» **Instructions for the task**
Please retype the entries that follow exactly as they are, leaving the images behind.

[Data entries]
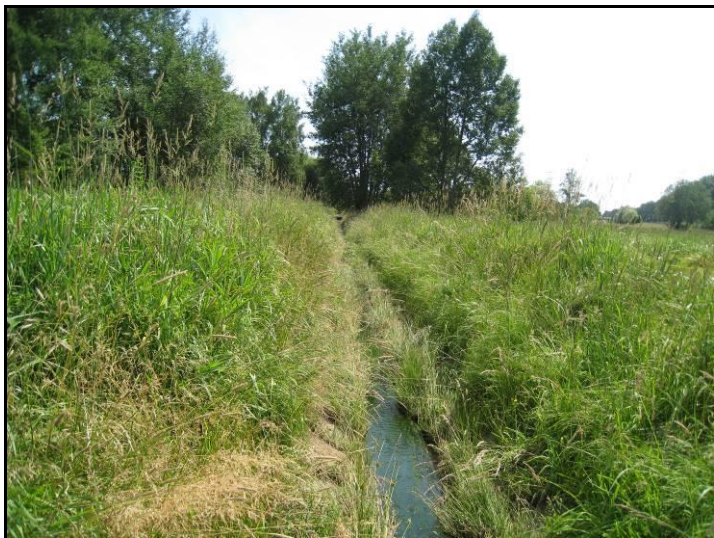
Fot. 9 Dolinka ciekui bez nazwy poza zachodnią granicą terenu
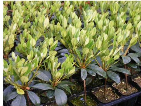
ペリドットの新芽

ペリドット(peridot、ペリドートとも)とは宝石の一種である。カンラン石(苦土カンラン石)の変種。屈折率が高いため、 明るい緑色が映える ことが特徴の宝石である。ローマ人はその石が夜暗くなってもまだ見ることができ色が暗くならなかったので、「イブニングエメラルド」と呼んだ。後にペリドットは十字軍によって持ち帰られ、中世の教会の装飾に使われた。200カラット以上ある大きなペリドットが、ケルン大聖堂にある東方の三博士の3つの聖堂を飾っている。
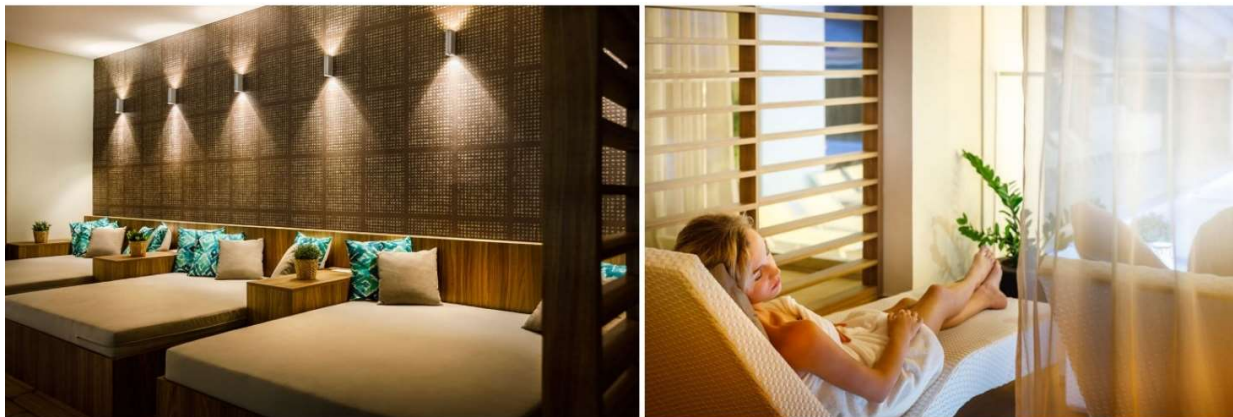
Slika 14. Wellness - Valamar Argosy Hotel
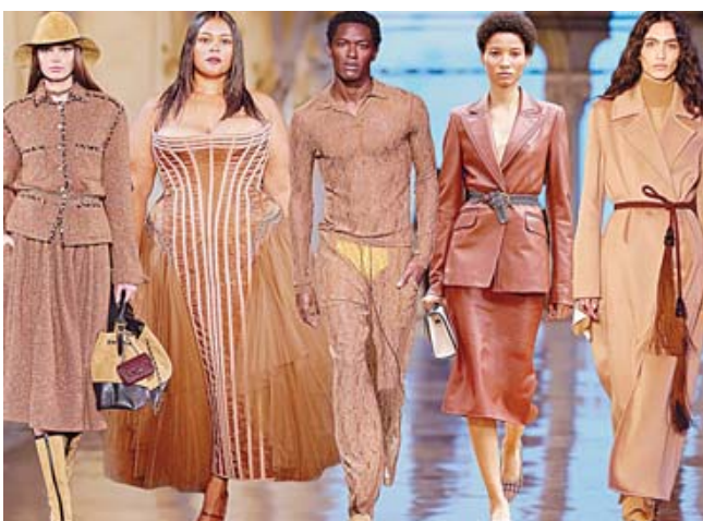
También se verá en las pasarelas de moda y maquillaje.

un nivel de indulgencia reflexiva. Sofisticado y exuberante, pero al mismo tiempo un clásico sin pretensiones, el PANTONE 17-1230 Mocha Mousse amplía nuestra percepción de los marrones como tonos humildes y conectados a la tierra para inspirar motivación y lujo. Impregnado de sutil elegancia y refinamiento terrenal, PANTONE 17-1230 Mocha Mousse presenta un toque de glamour discreto y de buen gusto". Además, es un tono versátil infundido con sofisticación inherente y refinamiento terroso, crea una base cromática fuerte, complementando diversas aplicaciones, a través del diseño. Este color nos inspira para crear experiencias que aumenten el confort y el bienestar personal. Desde caprichos dulces hasta paseos por la naturaleza, la indulgencia de los placeres sencillos que también podemos regalar y compartir con los demás.
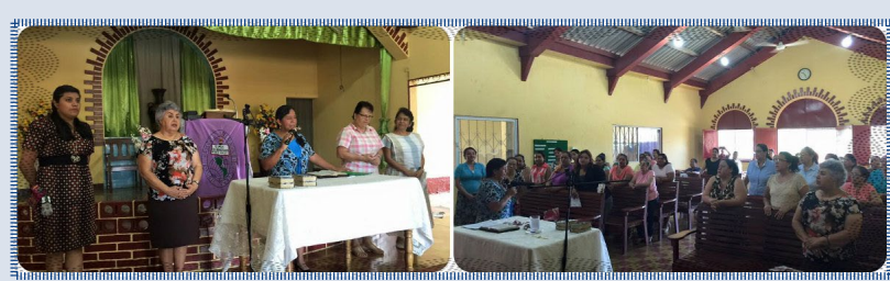
PUERTO BARRIOS, IZABAL: PRIMERA IGLESIA BAPTISTA 1.-La directiva de la Unión Femenil Nacional, inserta en la foto ofreció una capacitación. 2.-Mujeres de las Uniones asistentes.
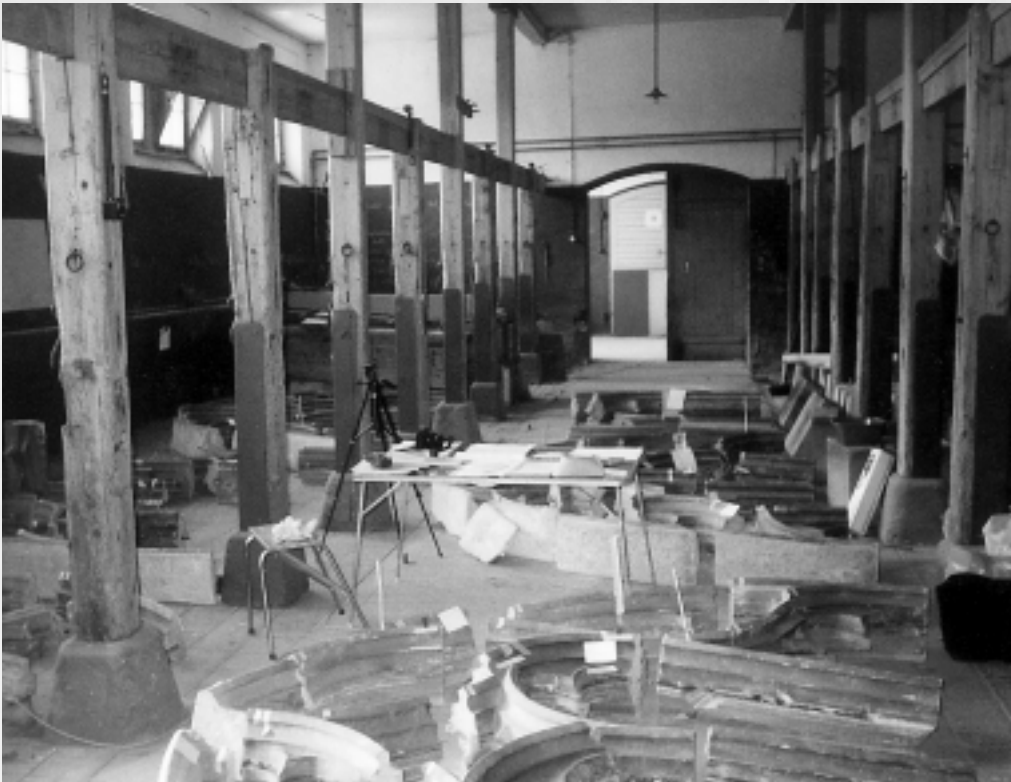
Masswerke vor Abtransport und Einlagerung im Depot Aegerten
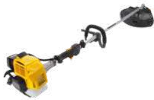
SBC 627 K
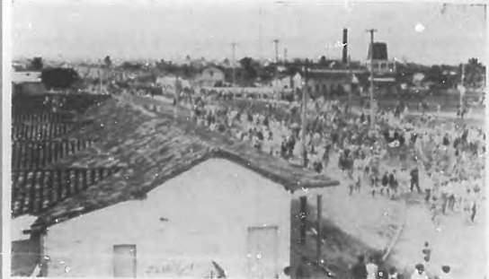
EN CIENFUEGOS.—Entierro del general Higinio Esquerro, aspecto del fúnebre cortejo, al pasar por el Paseo de la Reina.

"Flora Mora, de exquisito temperamento, con dominio de sus facultades mecánicas y de ligada dicción, interpretó con extraordinaria dulzura esas escenas infantiles, a las que supo imprimir una misteriosa vaguedad, y la impresión nostálgica
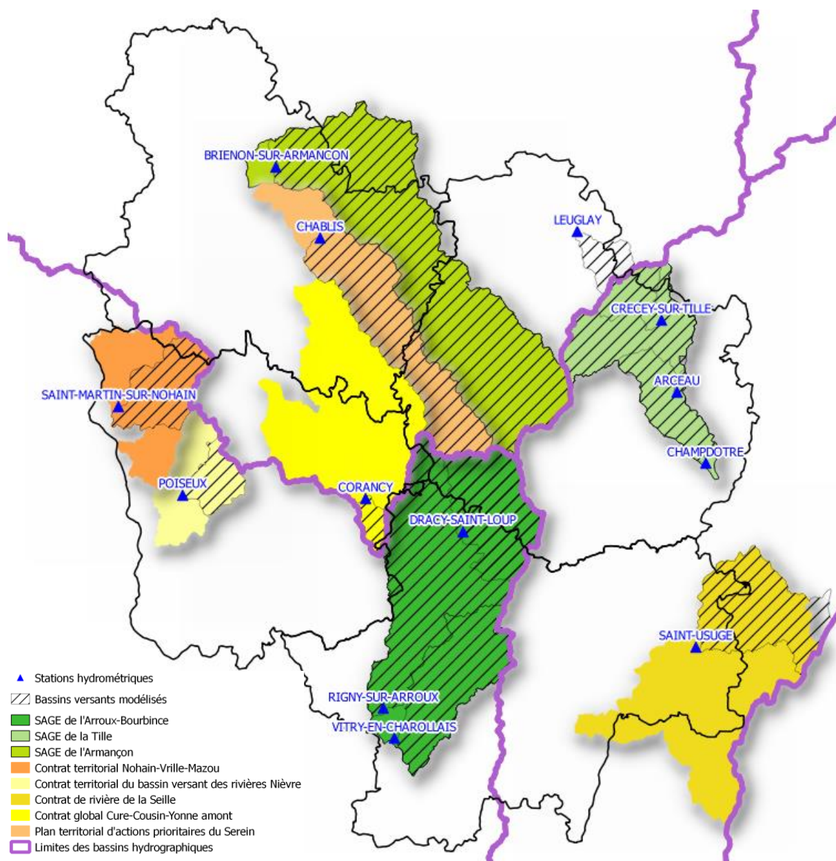
Figure 2 : Carte des bassins versants étudiés dans le cadre d'HYCCARE (Alterre, 2015)
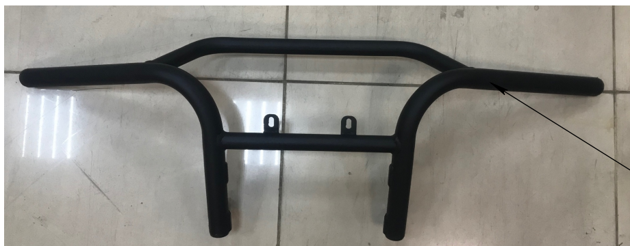
Бампер в сборе
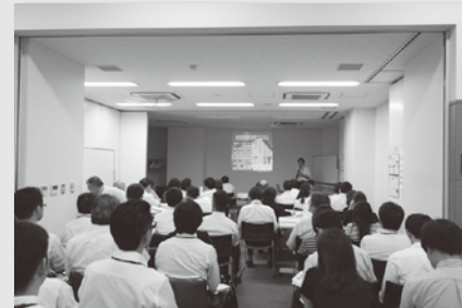
事例紹介風景(第1回)

第1回目は情報共有の事例紹介のあと、各区に分かれて、情報をどのように共有できるかを話し合いました。第2回目は、それぞれが持つ情報を出しあい、どのような場面で共有して活用できるか、それで得られる効果を考えました。最後に話した内容を発表、共有しました。

» **Answer to this exercise**
Fot. 9 Dolinka ciekui bez nazwy poza zachodnią granicą terenu
ペリドットの新芽

ペリドット(peridot、ペリドートとも)とは宝石の一種である。カンラン石(苦土カンラン石)の変種。屈折率が高いため、 明るい緑色が映える ことが特徴の宝石である。ローマ人はその石が夜暗くなってもまだ見ることができ色が暗くならなかったので、「イブニングエメラルド」と呼んだ。後にペリドットは十字軍によって持ち帰られ、中世の教会の装飾に使われた。200カラット以上ある大きなペリドットが、ケルン大聖堂にある東方の三博士の3つの聖堂を飾っている。
Slika 14. Wellness - Valamar Argosy Hotel
También se verá en las pasarelas de moda y maquillaje.

un nivel de indulgencia reflexiva. Sofisticado y exuberante, pero al mismo tiempo un clásico sin pretensiones, el PANTONE 17-1230 Mocha Mousse amplía nuestra percepción de los marrones como tonos humildes y conectados a la tierra para inspirar motivación y lujo. Impregnado de sutil elegancia y refinamiento terrenal, PANTONE 17-1230 Mocha Mousse presenta un toque de glamour discreto y de buen gusto". Además, es un tono versátil infundido con sofisticación inherente y refinamiento terroso, crea una base cromática fuerte, complementando diversas aplicaciones, a través del diseño. Este color nos inspira para crear experiencias que aumenten el confort y el bienestar personal. Desde caprichos dulces hasta paseos por la naturaleza, la indulgencia de los placeres sencillos que también podemos regalar y compartir con los demás.
PUERTO BARRIOS, IZABAL: PRIMERA IGLESIA BAPTISTA 1.-La directiva de la Unión Femenil Nacional, inserta en la foto ofreció una capacitación. 2.-Mujeres de las Uniones asistentes.
Masswerke vor Abtransport und Einlagerung im Depot Aegerten
SBC 627 K
EN CIENFUEGOS.—Entierro del general Higinio Esquerro, aspecto del fúnebre cortejo, al pasar por el Paseo de la Reina.

"Flora Mora, de exquisito temperamento, con dominio de sus facultades mecánicas y de ligada dicción, interpretó con extraordinaria dulzura esas escenas infantiles, a las que supo imprimir una misteriosa vaguedad, y la impresión nostálgica
Figure 2 : Carte des bassins versants étudiés dans le cadre d'HYCCARE (Alterre, 2015)
Бампер в сборе
事例紹介風景(第1回)

第1回目は情報共有の事例紹介のあと、各区に分かれて、情報をどのように共有できるかを話し合いました。第2回目は、それぞれが持つ情報を出しあい、どのような場面で共有して活用できるか、それで得られる効果を考えました。最後に話した内容を発表、共有しました。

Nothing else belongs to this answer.